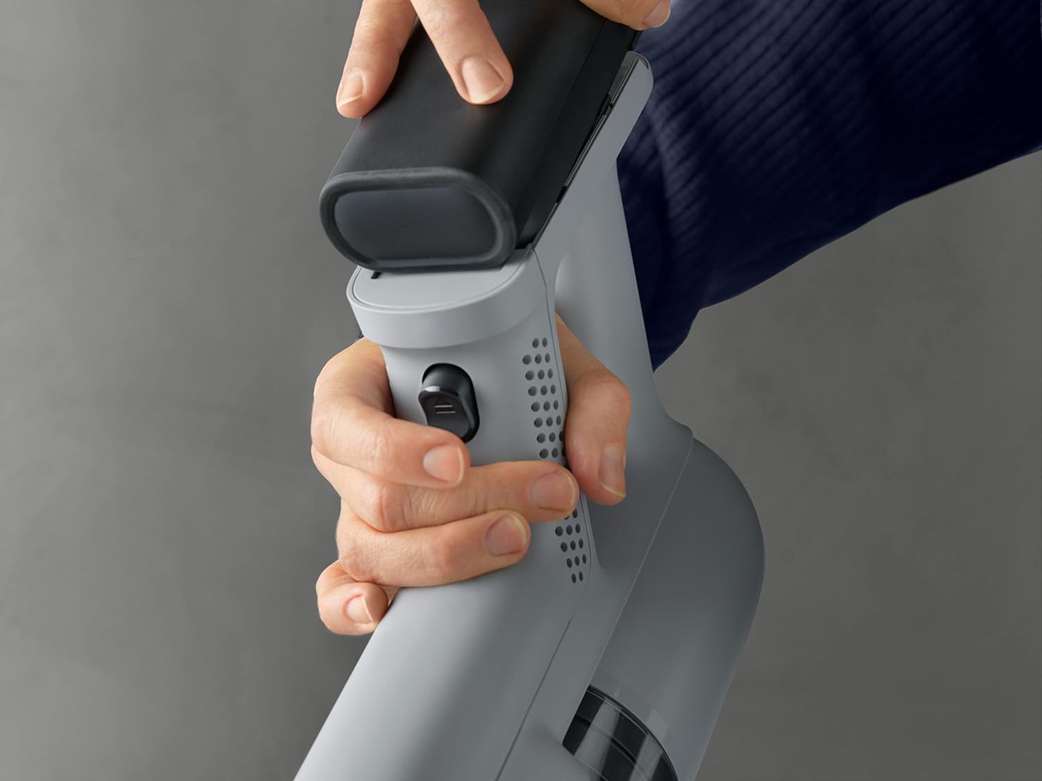 - Einfacher Austausch: Der Akku kann einfach und schnell mit einem Klick in den Staubsauger eingesetzt werden
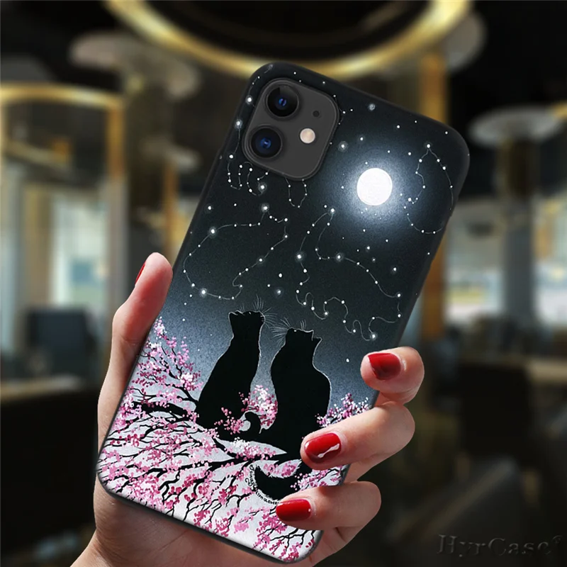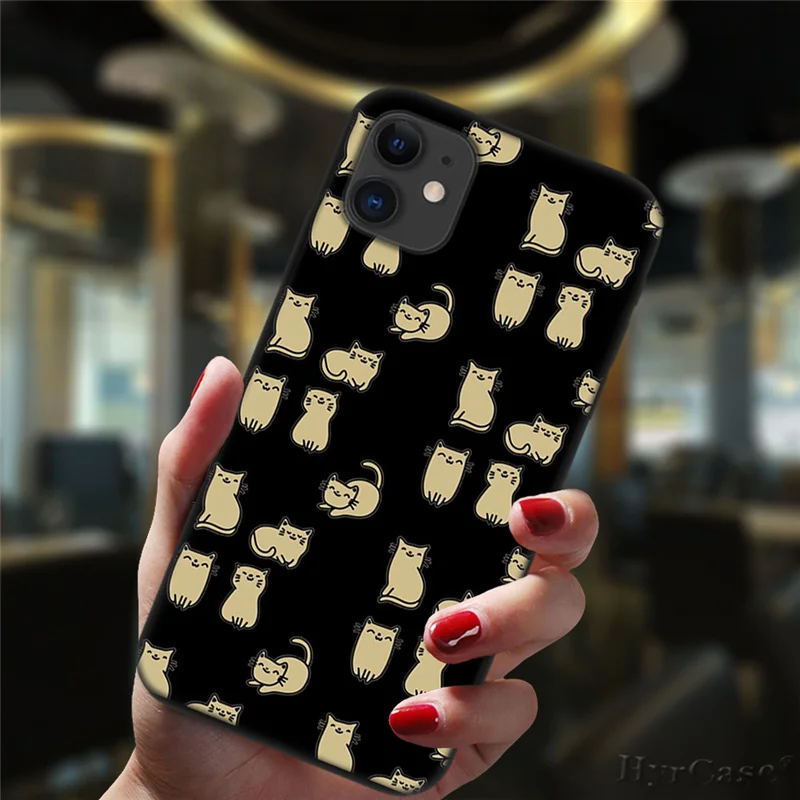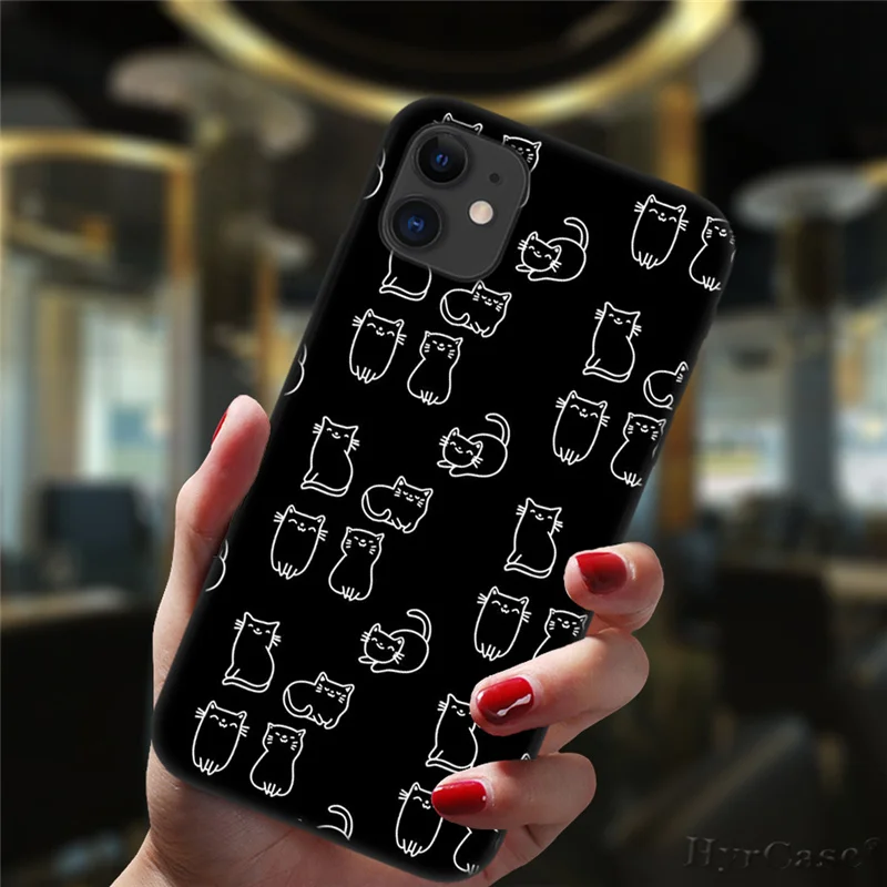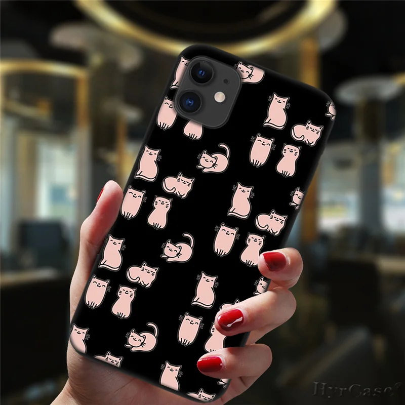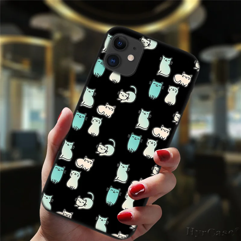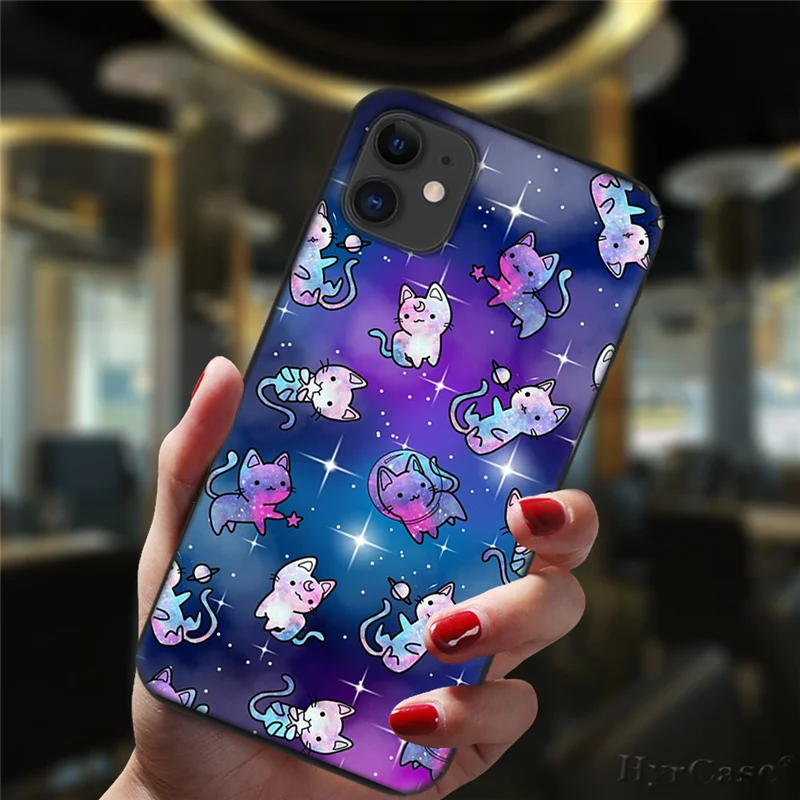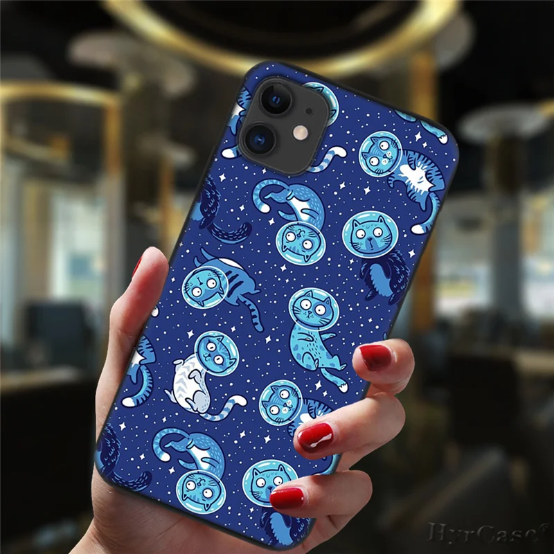Милый чехол для телефона с космосом и счастливыми кошками для iPhone 11, 12 Pro, XS, Max, 6, 6S, 8, 7 Plus, X, XR, фотография, 2020, 12, силиконовый черный мини-чехол с цветочным рисунком
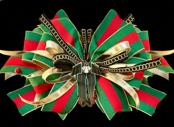 Where high fashion meets holiday. Bold red and green stripes, glossy gold trim, and luxe black chain-edge ribbon come together around a jeweled bee brooch — the unmistakable nod to iconic Italian design.
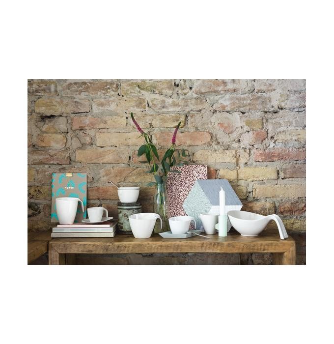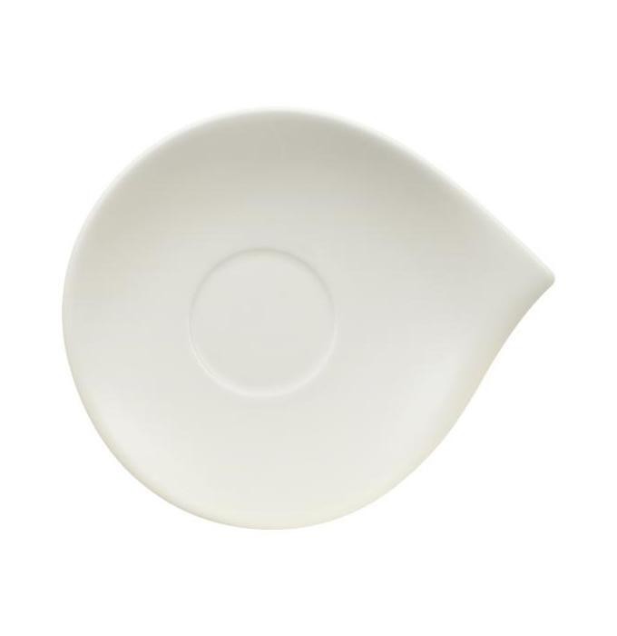 Saucer with a modern design for sweet treats with coffee The elegant, pure white Flow crockery range made of high-quality Premium Porcelain captivates with bold curved lines and a timeless elegance. Modern porcelain design, perfect for every occasion whether casual or a certain chic. This saucer is large enough for biscuits, pastries and other treats with coffee. Enjoy practical tableware details.
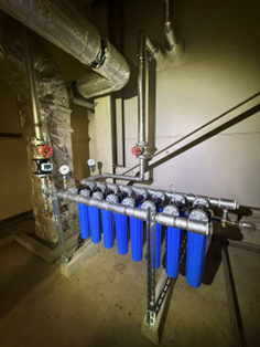 工場へのエアハン前段のチャンバー内にラジエーターを取り付け、夏場のみ地下水を供給し、実測値でエアハンへの給気が30℃外気時に19℃となっております。
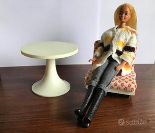 Barbie Accessori anni ’70: poltrona in legno bianco /nero con cuscini imbottiti decorati con margherite rosse + tavolo rotondo in plastica. Seventies style ! #barbie #accessories #seventies #anni70 #vintage
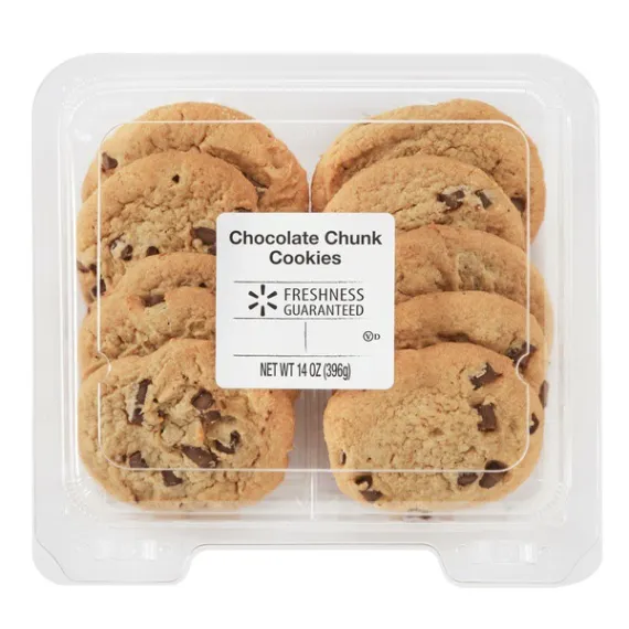 Details Ingredients WHEAT FLOUR, SEMI-SWEET CHOCOLATE (SUGAR, UNSWEETENED CHOCOLATE, DEXTROSE, COCOA BUTTER, SOY LECITHIN [AN EMULSIFIER, BROWN SUGAR (SUGAR, MOLASSES), PALM OIL SHORTENING, SUGAR CANE SYRUP, BUTTER (CREAM [MILK], NATURAL FLAVORS), SUGAR, EGGS, NATURAL VANILLA FLAVOR, CORN STARCH, SALT, NATURAL FLAVOR, NATURAL AND ARTIFICIAL FLAVOR, SODIUM BICARBONATE (LEAVENING), MONOCALCIUM PHOSPHATE (LEAVENING). Show more Product features Freshness Guaranteed Chocolate Chunk Cookies are made with semisweet chocolate chunks for a big chocolate taste in every bite. These cookies are packaged in a reclosable container to help maintain freshness. The package contains ten buttery, soft cookies to keep in your pantry as a special treat or to share with family and friends after a meal together. These cookies are the perfect complement to a tall glass of cold milk or a hot cup of coffee. The container makes it easy to take these cookies with you to potlucks or gatherings with friends. Have a treat with Freshness Guaranteed Chocolate Chunk Cookies. Freshness Guaranteed provides you and your family with high-quality fresh food that saves you time and money, many of which are cooked fresh or prepared in stores. Convenient solutions with value added in every Spark Fresh item. Freshness Guaranteed Chocolate Chunk Cookies, 14 oz, 10 Count: Semisweet chocolate chunks Soft cookies Reclosable container 10 cookies
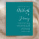 Este simples convite de casamento moderno apresenta um texto branco sobre um fundo azul-turquesa. Adicione os nomes da noiva e do noivo na caligrafia de escrita manual do na moda e os detalhes na fonte sans serif. O reverso é uma sombra de turquesa sólida.
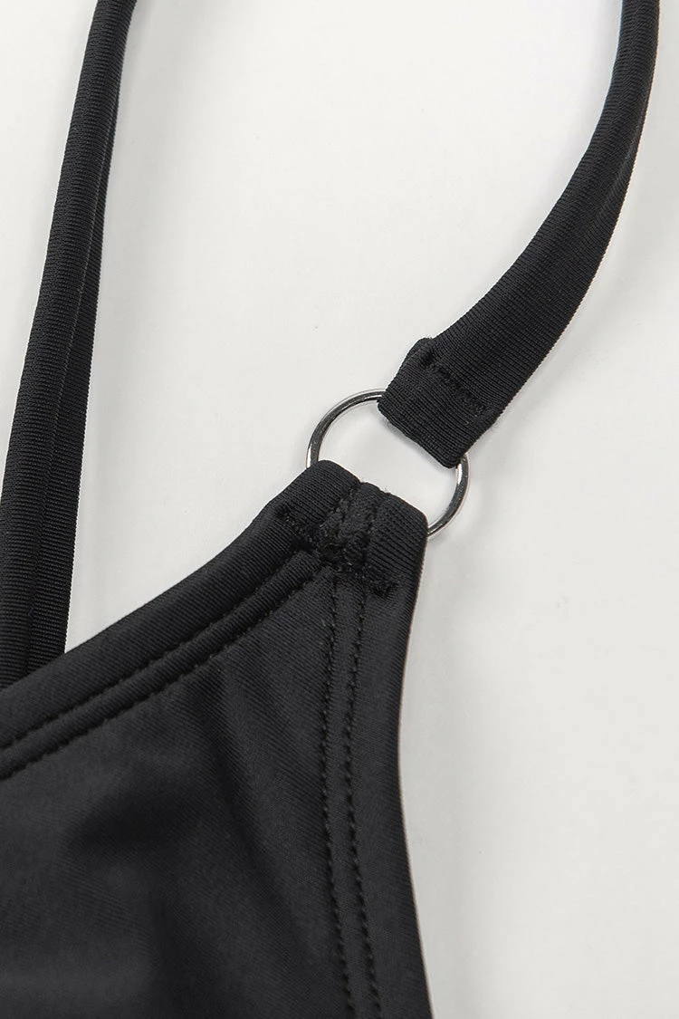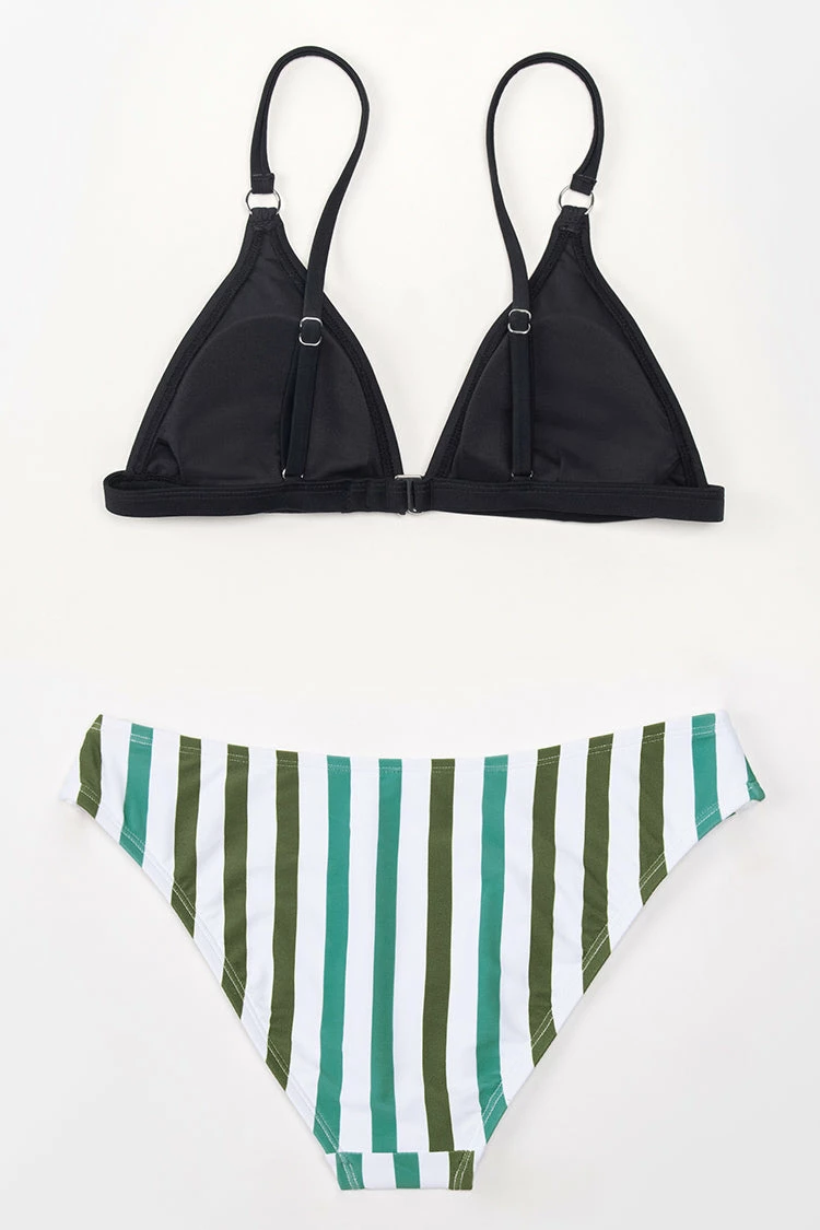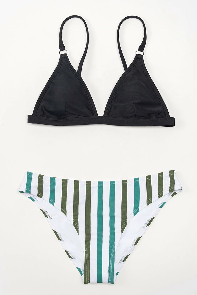 Chase the sun in our Alicia Striped Triangle Bikini. Triangle top features adjustable shoulder straps and o-ring detailing. The matching stripe bottoms have a cheeky coverage to show off your curves.
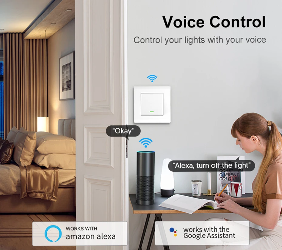 يتيح العمل مع تطبيق Tuya Smart Life التحكم الصوتي البسيط عبر أليكسا ومساعدي Google ، مجرد إعطاء أمر صوتي إلى أليكسا أو مساعد Google Home لتشغيل/إيقاف الأضواء في المنزل.
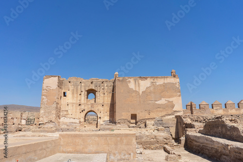 The fortifications of the Alcazaba in the city of Almeria under the intense heat of a summer
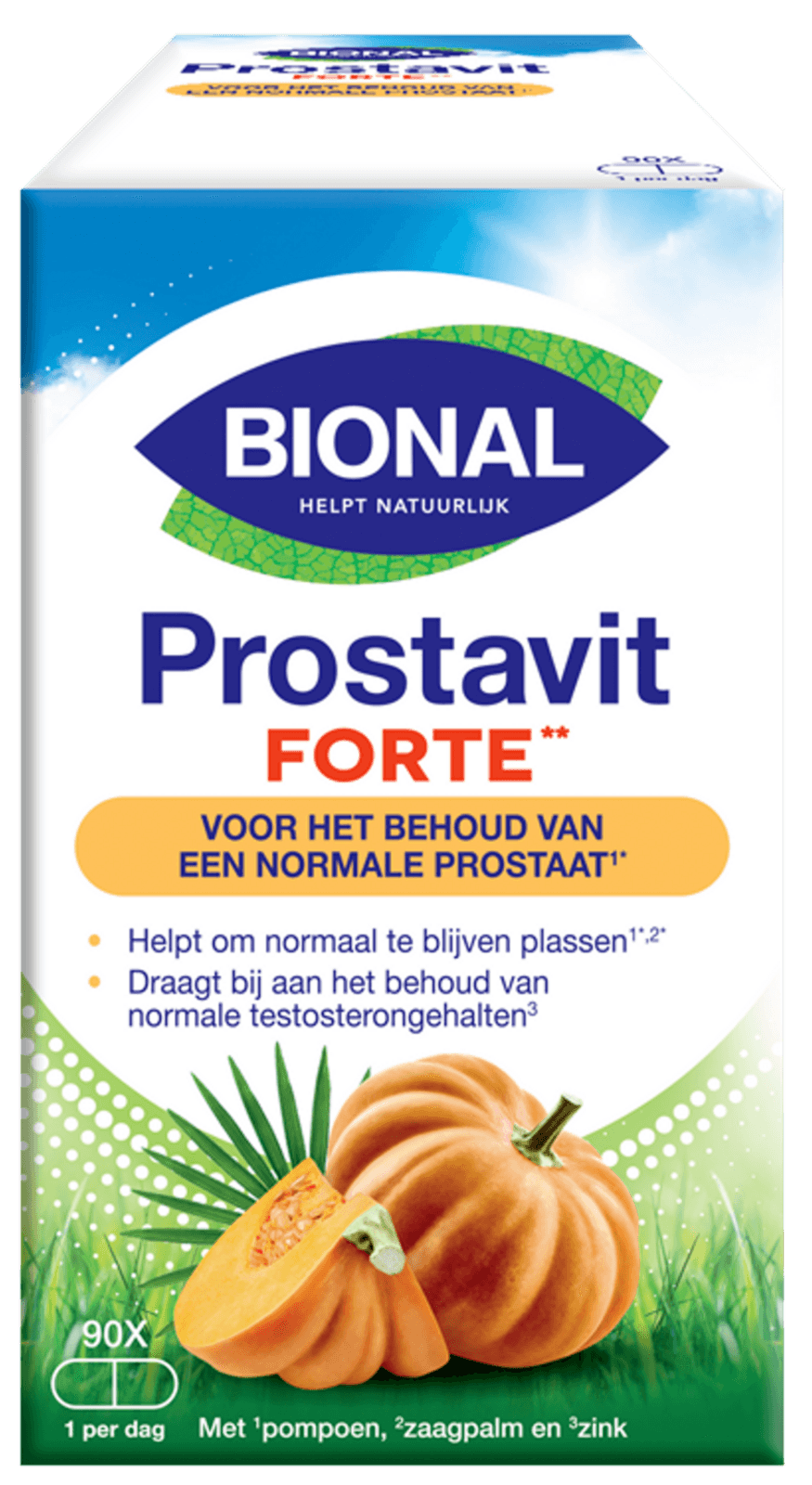Je weet hoe het gaat. Je wilt goed voor jezelf zorgen, maar soms schiet het erbij in. Drukke dagen, weinig tijd om op alle details te letten, en toch wil je je lichaam geven wat het nodig heeft. Bional Prostavit Forte Capsules van Bional is een voedingssupplement dat jou hierbij ondersteunt. Geen loze beloftes, maar Bional Prostavit Forte Capsules (90 stuks) is een voedingssupplement op basis van pompoen, zaagpalm, seleen en zink. Naarmate we ouder worden, kan de prostaat in omvang toenemen en zorgen voor vervelende klachten.Bional Prostavit Forte:Seleen draagt bij aan de productie van wanneer jij dat kunt gebruiken.

★ ★ ★

_Your objective_
Strip the images and reproduce the remaining records precisely.

_Task response_
 - Einfacher Austausch: Der Akku kann einfach und schnell mit einem Klick in den Staubsauger eingesetzt werden
Милый чехол для телефона с космосом и счастливыми кошками для iPhone 11, 12 Pro, XS, Max, 6, 6S, 8, 7 Plus, X, XR, фотография, 2020, 12, силиконовый черный мини-чехол с цветочным рисунком
 Where high fashion meets holiday. Bold red and green stripes, glossy gold trim, and luxe black chain-edge ribbon come together around a jeweled bee brooch — the unmistakable nod to iconic Italian design.
 Saucer with a modern design for sweet treats with coffee The elegant, pure white Flow crockery range made of high-quality Premium Porcelain captivates with bold curved lines and a timeless elegance. Modern porcelain design, perfect for every occasion whether casual or a certain chic. This saucer is large enough for biscuits, pastries and other treats with coffee. Enjoy practical tableware details.
 工場へのエアハン前段のチャンバー内にラジエーターを取り付け、夏場のみ地下水を供給し、実測値でエアハンへの給気が30℃外気時に19℃となっております。
 Barbie Accessori anni ’70: poltrona in legno bianco /nero con cuscini imbottiti decorati con margherite rosse + tavolo rotondo in plastica. Seventies style ! #barbie #accessories #seventies #anni70 #vintage
 Details Ingredients WHEAT FLOUR, SEMI-SWEET CHOCOLATE (SUGAR, UNSWEETENED CHOCOLATE, DEXTROSE, COCOA BUTTER, SOY LECITHIN [AN EMULSIFIER, BROWN SUGAR (SUGAR, MOLASSES), PALM OIL SHORTENING, SUGAR CANE SYRUP, BUTTER (CREAM [MILK], NATURAL FLAVORS), SUGAR, EGGS, NATURAL VANILLA FLAVOR, CORN STARCH, SALT, NATURAL FLAVOR, NATURAL AND ARTIFICIAL FLAVOR, SODIUM BICARBONATE (LEAVENING), MONOCALCIUM PHOSPHATE (LEAVENING). Show more Product features Freshness Guaranteed Chocolate Chunk Cookies are made with semisweet chocolate chunks for a big chocolate taste in every bite. These cookies are packaged in a reclosable container to help maintain freshness. The package contains ten buttery, soft cookies to keep in your pantry as a special treat or to share with family and friends after a meal together. These cookies are the perfect complement to a tall glass of cold milk or a hot cup of coffee. The container makes it easy to take these cookies with you to potlucks or gatherings with friends. Have a treat with Freshness Guaranteed Chocolate Chunk Cookies. Freshness Guaranteed provides you and your family with high-quality fresh food that saves you time and money, many of which are cooked fresh or prepared in stores. Convenient solutions with value added in every Spark Fresh item. Freshness Guaranteed Chocolate Chunk Cookies, 14 oz, 10 Count: Semisweet chocolate chunks Soft cookies Reclosable container 10 cookies
 Este simples convite de casamento moderno apresenta um texto branco sobre um fundo azul-turquesa. Adicione os nomes da noiva e do noivo na caligrafia de escrita manual do na moda e os detalhes na fonte sans serif. O reverso é uma sombra de turquesa sólida.
 Chase the sun in our Alicia Striped Triangle Bikini. Triangle top features adjustable shoulder straps and o-ring detailing. The matching stripe bottoms have a cheeky coverage to show off your curves.
 يتيح العمل مع تطبيق Tuya Smart Life التحكم الصوتي البسيط عبر أليكسا ومساعدي Google ، مجرد إعطاء أمر صوتي إلى أليكسا أو مساعد Google Home لتشغيل/إيقاف الأضواء في المنزل.
 The fortifications of the Alcazaba in the city of Almeria under the intense heat of a summer
Je weet hoe het gaat. Je wilt goed voor jezelf zorgen, maar soms schiet het erbij in. Drukke dagen, weinig tijd om op alle details te letten, en toch wil je je lichaam geven wat het nodig heeft. Bional Prostavit Forte Capsules van Bional is een voedingssupplement dat jou hierbij ondersteunt. Geen loze beloftes, maar Bional Prostavit Forte Capsules (90 stuks) is een voedingssupplement op basis van pompoen, zaagpalm, seleen en zink. Naarmate we ouder worden, kan de prostaat in omvang toenemen en zorgen voor vervelende klachten.Bional Prostavit Forte:Seleen draagt bij aan de productie van wanneer jij dat kunt gebruiken.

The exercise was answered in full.